Former Spanish Police officer who voted in Catalan indy referendum blames Spanish police for "failing to seek an alternative solution"

A voter calls the decision to obstruct the police in their efforts to seize ballot boxes "a gesture of collective civil disobedience"

The forty-second day of the trial of the independence process brought us the testimony of more referendum voters, speaking for the defence of Jordi Sànchez, Josep Rull and Jordi Turull. One such was Nemesio Fuentes, a retired Spanish Police officer who volunteered at a school used as a polling station in Sant Joan de Vilatorrada (Bages), one of the spots where the Guardia Civil used force. According to Fuentes, "They attacked the crowd to get to the door, injuring two of my children", before going on to describe how a Guardia Civil officer smashed open the school’s door with a hammer. "If they’d asked, they could’ve just opened it, as it wasn’t locked". Fuentes accused the Guardia Civil of failing to make any attempt to mediate with members of the public present at the polling station.

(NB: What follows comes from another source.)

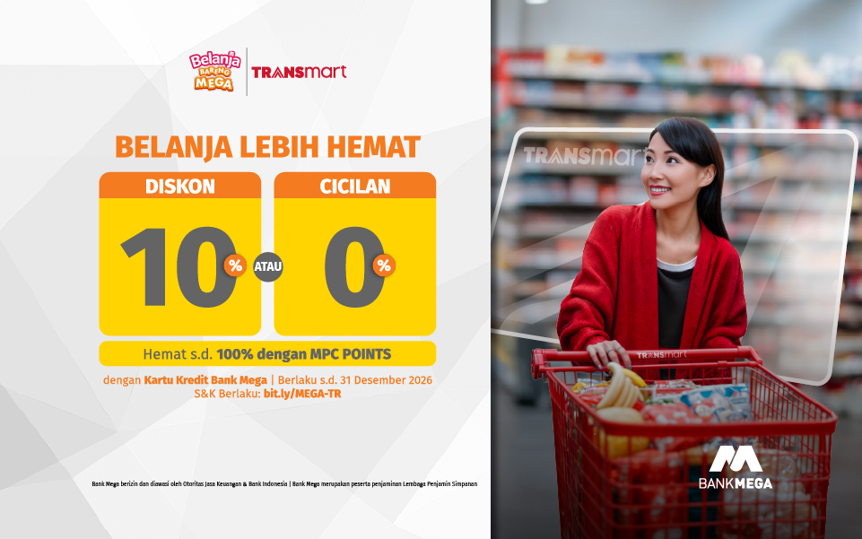 Menjelang momen Lebaran dan berbagai kebutuhan sambut hari besar, belanja kebutuhan harian jadi lebih hemat dengan berbagai promo menarik dari Bank Mega. Mulai dari diskon belanja di Transmart, penawaran spesial di Voila baik offline dan online, potongan harga di Tokopedia, hingga promo dari Metro.

In answer to questions put to him by the defence lawyer, Judith Gené, Fuentes replied that "at no time did the Guardia Civil make the slightest attempt to talk to anyone to see if there was any other solution". The former police officer also mentioned the injured officer who gave evidence before the Supreme Court a few weeks ago and accused a voter of having thrown a chair at them. Fuentes declared that the Guardia Civil officer had "fallen over of his own accord" after having slipped on the broken glass from the door and that the chair got knocked over.

The former Spanish police officer’s testimony regarding the Guardia Civil’s actions on 1 October was in stark contrast to the accounts from the rest of the witnesses who were present on that day, all of which voted at polling stations which were not visited by the Spanish police and Guardia Civil. Only the Mossos d'Esquadra showed up. They were able to enter some polling stations after speaking to the public gathered outside, while at others they gave up due to the large number of people outside. According to Antoni Altaió, a member of the public who spoke all day to Catalan police officers assigned to a polling station in Caldes de Montbui, "We said that considering the High Court of Justice of Catalonia’s ruling which established that they had to maintain the peace at all costs, both the Mossos and the voters appreciated the fact that it was best not to create a situation that was uncomfortable for both sides".

Altaió admitted that the reason behind the voters’ willingness to gather at the polling places on 1 October was "to peacefully obstruct" the Spanish Police, the Guardia Civil and the Mossos d'Esquadra’s attempts to seize ballot boxes and ballot papers, calling it a "gesture of collective civil disobedience". The testimony of another voter, Carme Baqué, served to demonstrate to the court that the Mossos d'Esquadra had obeyed the order to prevent the vote from going ahead. Baqué told the court that in the Seva school where she voted, five vans belonging to the Mossos appeared and confiscated the election material.